One day a division of insurgents arrived at the glade and set a camp there. They were young people who were proud to fight for their homeland. The leader of the division was Romuald Traugutt – a heroic Polish general who was executed for actions connected with the retrieving of Polish independence. The trees liked few of the insurgents and the biggest attention was given to Maryś and Jagmin. Maryś lived nearby and was known to the trees. He had a sister – Anielka and Jagmin was his friend. Before the uprising Jagmin and Anielka became very close to each other and the day when the boys decided to join the uprising was one of the saddest in the life of Anielka.
The battles began and the insurgents were winning. Their victory didn't last long and the camp was finally attacked by the Russians.
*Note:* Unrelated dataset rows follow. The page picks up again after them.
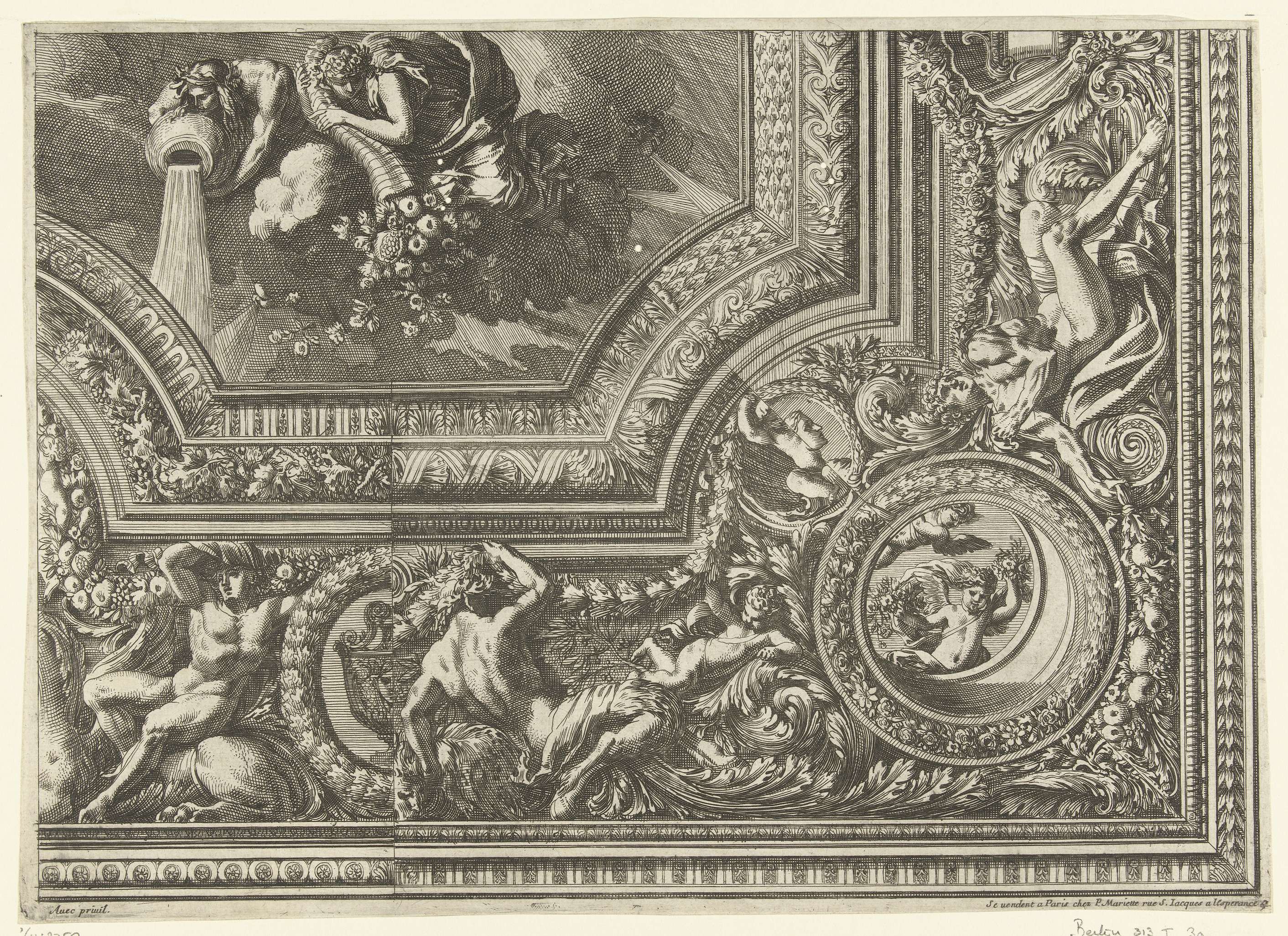 Aurora strooit bloemen uit een hoorn des overvloeds. Met varianten voor drie maal een achtste gedeelte van de rand. Blad 5 uit serie van 6 bladen met ontwerpen voor plafonds, sommige met varianten voor de randen. Uit tweede editie.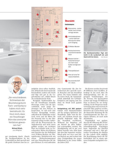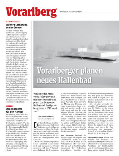 Bregenz. Der Sieger des Architektur-Wettbewerbs für das Bregenzer Hallenbad kommt aus Vorarlberg. Die Pläne haben die Jury überzeugt. Nun fehlt noch die Zustimmung zur Finanzierung durch die Stadtvertretung. Seiten 14/15 Stadt Bregenz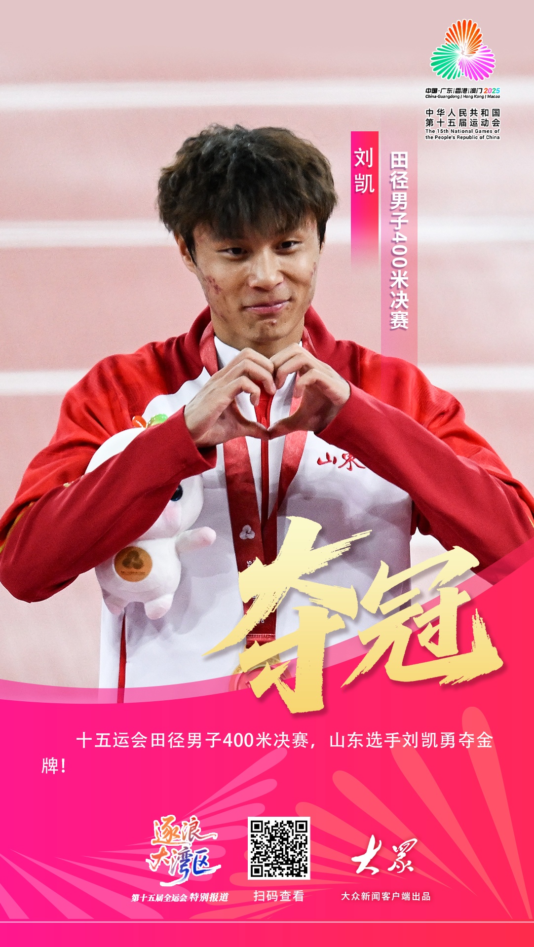 11月18日十五运会田径男子400米决赛山东选手刘凯勇夺金牌大众新闻记者于晓波设计车婷婷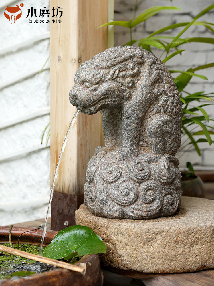 中式户外庭院鱼缸水循环流水器花园水池造景装饰吸水兽中国风摆件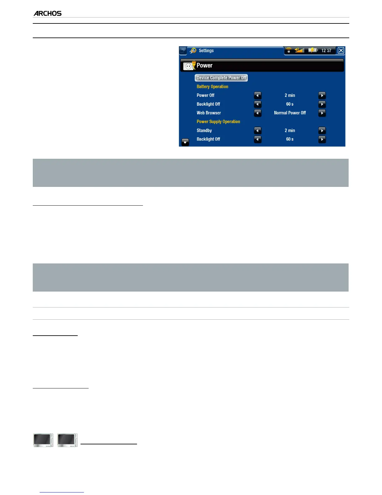 “Normal Power Off”: while browsing the web, the ARCHOS will shut down ac-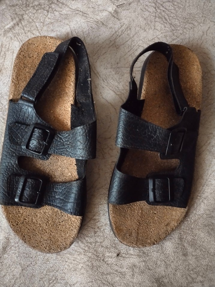 İki ayarlanabilir tokalı arka cırtlı ayarlanabilir terletmeyen mantar tabanlı siyah erkek ayakkabı sandalet rahat tabanlı ve sokak stili için uygun.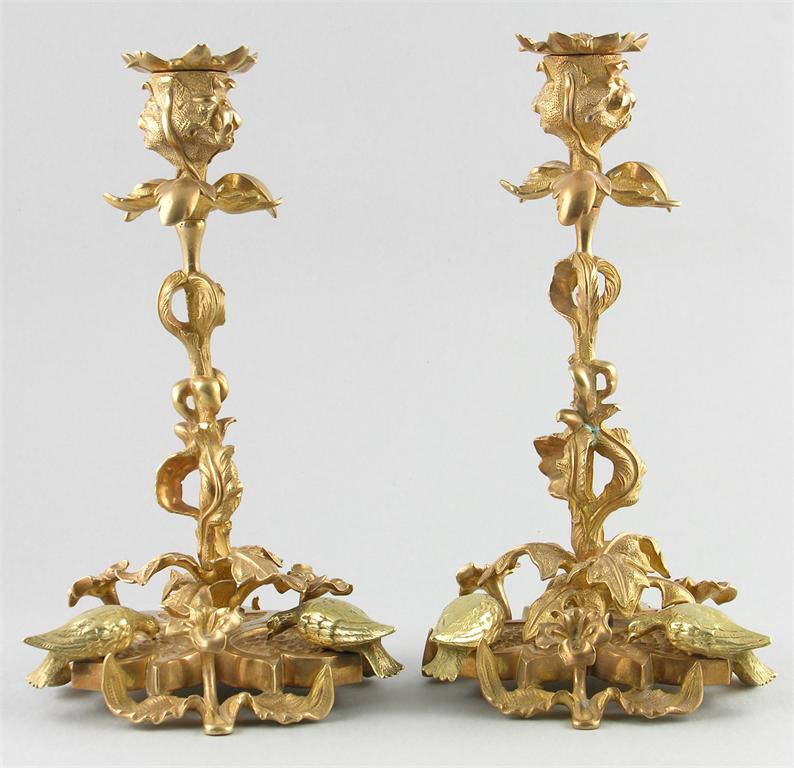 A pair of gilt brass and silvered foliage candlesticks, the triform bases with doves, 11in (28cm) h. (2)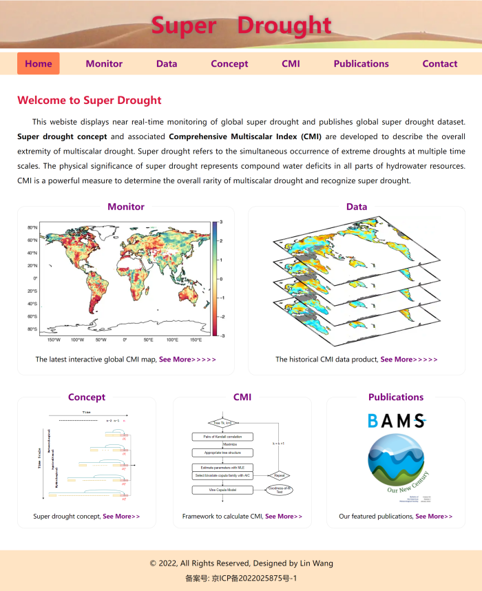 成果从根本上革新了对于干旱中极端事件的认知,建立的原创CMI指数具有广泛的应用前景,并力争提升我国在干旱指数和干旱监测领域的国际影响力。同时,为了促进成果的转化应用,建立了在线产品平台superdrought.com,发布逐月全球超级干旱监测信息和历史数据集,更好的服务于干旱科学研究和监测业务实践。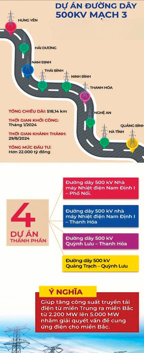 Đường dây 500kV mạch 3 Quảng Trạch - Phố Nối có tổng chiều dài 518,14km, với 1.177 vị trí cột, tổng mức đầu tư hơn 22.300 tỷ đồng. Dự án có khối lượng đào đất, đá hơn 2,5 triệu m3, sử dụng hơn 705.000m3 bê tông, gần 70.000 tấn cốt thép móng; tổng khối lượng lắp dựng cột thép 139.000 tấn; kéo tổng cộng gần 14.000km dây dẫn các loại. Đây là dự án trọng điểm, cấp bách, có ý nghĩa rất quan trọng, nâng cao năng lực truyền tải điện từ miền Trung ra miền Bắc với công suất từ 2.500MW lên 5.000MW, góp phần bảo đảm an ninh năng lượng quốc gia. Dự án được chỉ đạo trực tiếp, sát sao của Chính phủ, Thủ tướng Chính phủ, lãnh đạo các bộ, ban, ngành, chính quyền địa phương và sự đồng thuận của đông đảo nhân dân các nơi dự án đi qua. EVN, EVNNPT và các đơn vị nhà thầu thi công, tư vấn giám sát đã đồng sức, đồng lòng, nỗ lực triển khai với ý chí quyết tâm cao, tinh thần làm việc sáng tạo, quyết liệt.

The insurgents were fighting hard, but the enemy was too strong. Maryś and Jagmin died. The first one because of the wound he received, the second one because he got shot when trying to help Maryś.
This place was forgotten by everyone and only once the mass grave was visited. It was Anielka who came to see the place where her loved ones died and after a short visit she left the glade never to return.
The wind was weeping for almost all the story, but when the flowers finished the story it left the glade screaming – "Gloria victis!".

==The Title==
"Gloria victis" is a phrase strictly connected with the plot and means "Glory to the vanquished". It is the opposite of the Latin phrase "Vae victis" – "woe to the vanquished".